- **Task to carry out**: The copy should begin at the line containing "Enjoy direct access" and end at the last line of the material. Please reproduce those lines exactly and keep pictures out.

- **Dataset content**:

§

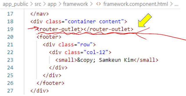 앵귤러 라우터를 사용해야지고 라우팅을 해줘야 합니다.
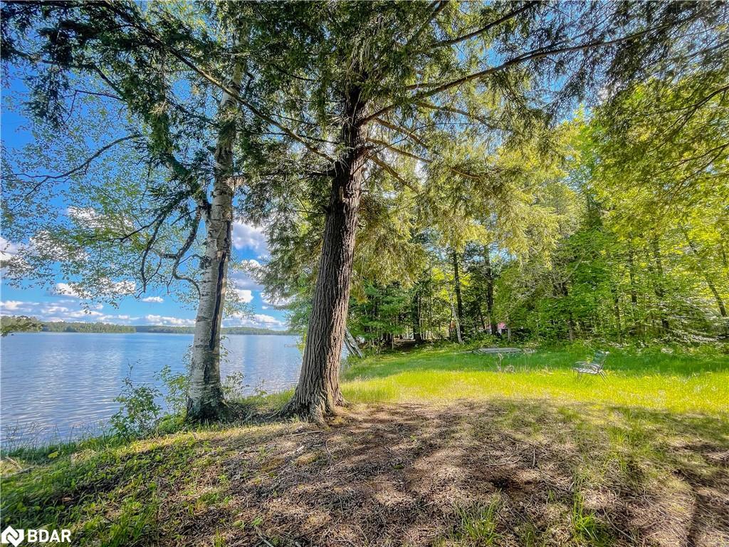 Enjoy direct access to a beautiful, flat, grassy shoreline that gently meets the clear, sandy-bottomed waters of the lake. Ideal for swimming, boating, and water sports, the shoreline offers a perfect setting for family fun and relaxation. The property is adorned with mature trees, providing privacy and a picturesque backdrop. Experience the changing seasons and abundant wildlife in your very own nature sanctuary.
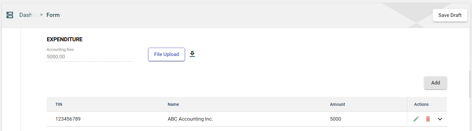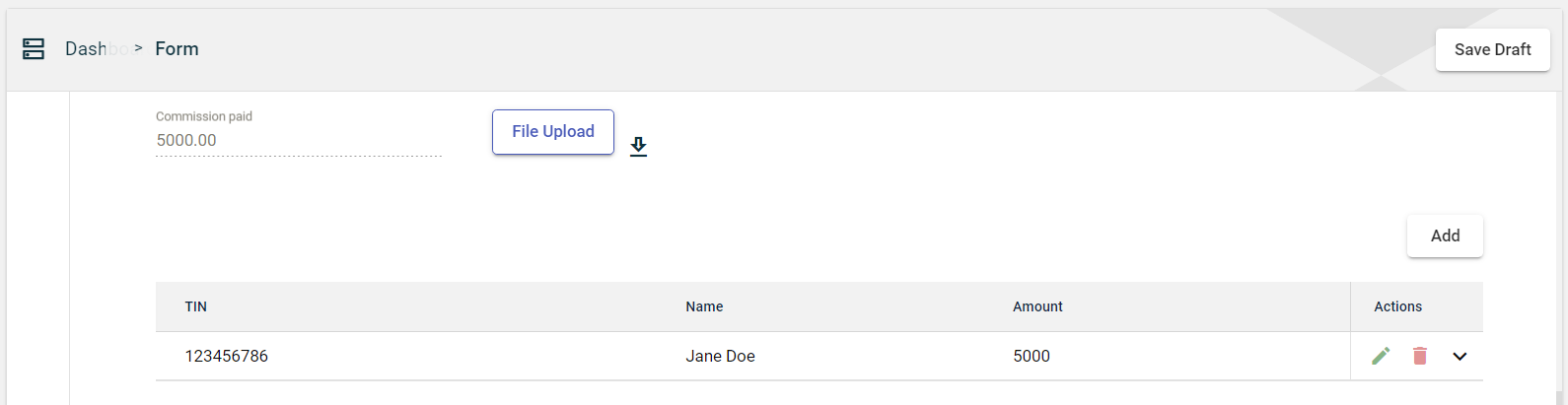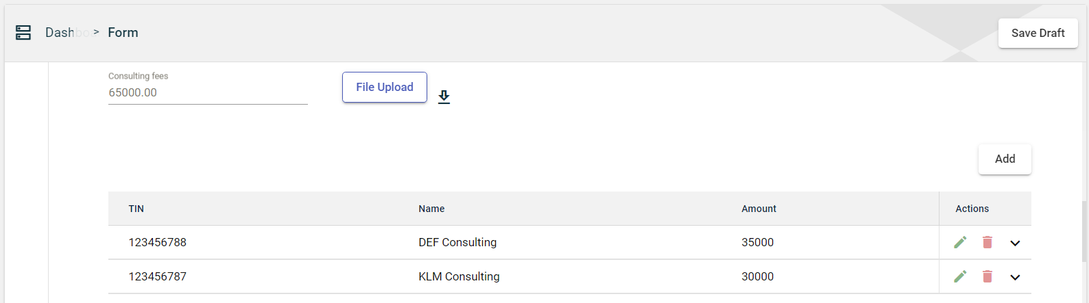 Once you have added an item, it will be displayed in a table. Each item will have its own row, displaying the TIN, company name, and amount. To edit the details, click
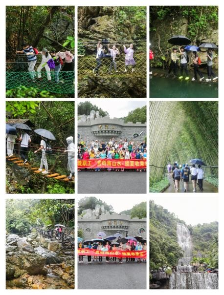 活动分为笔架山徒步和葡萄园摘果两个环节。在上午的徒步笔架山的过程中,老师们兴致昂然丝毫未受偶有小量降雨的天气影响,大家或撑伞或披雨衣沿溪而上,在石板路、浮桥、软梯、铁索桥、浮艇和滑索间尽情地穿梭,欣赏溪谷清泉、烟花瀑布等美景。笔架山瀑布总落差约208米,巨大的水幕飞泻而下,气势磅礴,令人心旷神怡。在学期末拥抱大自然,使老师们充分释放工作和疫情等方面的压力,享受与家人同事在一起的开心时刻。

§

- **Answer to this problem**:
 Enjoy direct access to a beautiful, flat, grassy shoreline that gently meets the clear, sandy-bottomed waters of the lake. Ideal for swimming, boating, and water sports, the shoreline offers a perfect setting for family fun and relaxation. The property is adorned with mature trees, providing privacy and a picturesque backdrop. Experience the changing seasons and abundant wildlife in your very own nature sanctuary.
 Once you have added an item, it will be displayed in a table. Each item will have its own row, displaying the TIN, company name, and amount. To edit the details, click
 活动分为笔架山徒步和葡萄园摘果两个环节。在上午的徒步笔架山的过程中,老师们兴致昂然丝毫未受偶有小量降雨的天气影响,大家或撑伞或披雨衣沿溪而上,在石板路、浮桥、软梯、铁索桥、浮艇和滑索间尽情地穿梭,欣赏溪谷清泉、烟花瀑布等美景。笔架山瀑布总落差约208米,巨大的水幕飞泻而下,气势磅礴,令人心旷神怡。在学期末拥抱大自然,使老师们充分释放工作和疫情等方面的压力,享受与家人同事在一起的开心时刻。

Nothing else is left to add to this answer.